──────── GIVEN RECORDS ────────

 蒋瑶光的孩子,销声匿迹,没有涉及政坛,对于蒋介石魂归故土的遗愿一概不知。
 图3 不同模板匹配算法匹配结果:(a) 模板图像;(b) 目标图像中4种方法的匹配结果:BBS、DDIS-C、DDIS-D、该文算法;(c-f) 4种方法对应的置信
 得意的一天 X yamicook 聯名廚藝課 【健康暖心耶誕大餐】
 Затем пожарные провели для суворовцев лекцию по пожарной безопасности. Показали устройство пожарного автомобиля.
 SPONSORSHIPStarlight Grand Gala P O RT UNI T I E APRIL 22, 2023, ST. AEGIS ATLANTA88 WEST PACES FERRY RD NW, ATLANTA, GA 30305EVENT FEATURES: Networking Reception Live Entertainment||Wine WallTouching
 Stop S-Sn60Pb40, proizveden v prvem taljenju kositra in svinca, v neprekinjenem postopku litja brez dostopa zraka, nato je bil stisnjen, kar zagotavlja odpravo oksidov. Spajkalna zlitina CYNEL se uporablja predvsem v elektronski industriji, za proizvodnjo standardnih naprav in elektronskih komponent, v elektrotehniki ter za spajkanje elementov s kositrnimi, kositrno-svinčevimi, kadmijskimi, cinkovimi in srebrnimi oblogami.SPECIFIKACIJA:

────────
──────── GIVEN RECORDS ────────

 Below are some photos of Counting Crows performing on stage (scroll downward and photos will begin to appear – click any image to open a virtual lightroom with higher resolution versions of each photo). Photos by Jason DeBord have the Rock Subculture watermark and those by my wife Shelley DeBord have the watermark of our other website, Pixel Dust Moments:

────────
──────── GIVEN RECORDS ────────

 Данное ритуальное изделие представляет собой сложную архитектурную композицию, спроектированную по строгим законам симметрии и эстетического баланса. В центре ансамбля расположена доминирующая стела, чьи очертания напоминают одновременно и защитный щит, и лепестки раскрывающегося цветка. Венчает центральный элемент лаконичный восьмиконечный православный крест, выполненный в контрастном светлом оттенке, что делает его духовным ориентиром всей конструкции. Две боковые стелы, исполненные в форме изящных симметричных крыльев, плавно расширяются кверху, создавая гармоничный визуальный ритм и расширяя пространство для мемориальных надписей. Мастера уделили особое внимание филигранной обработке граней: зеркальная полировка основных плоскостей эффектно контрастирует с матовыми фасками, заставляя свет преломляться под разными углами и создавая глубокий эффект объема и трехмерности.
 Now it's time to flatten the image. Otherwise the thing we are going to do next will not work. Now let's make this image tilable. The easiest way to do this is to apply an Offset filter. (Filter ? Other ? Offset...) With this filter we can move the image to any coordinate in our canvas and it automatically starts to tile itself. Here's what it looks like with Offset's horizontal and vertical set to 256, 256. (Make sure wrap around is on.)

────────

■ WHAT YOU WILL DO
Could you restate, word for word, the lines above from the one with "Затем пожарные провели" to the one with "SPONSORSHIPStarlight Grand Gala", both included?

■ RESULT FOR THIS EXERCISE
 Затем пожарные провели для суворовцев лекцию по пожарной безопасности. Показали устройство пожарного автомобиля.
 SPONSORSHIPStarlight Grand Gala P O RT UNI T I E APRIL 22, 2023, ST. AEGIS ATLANTA88 WEST PACES FERRY RD NW, ATLANTA, GA 30305EVENT FEATURES: Networking Reception Live Entertainment||Wine WallTouching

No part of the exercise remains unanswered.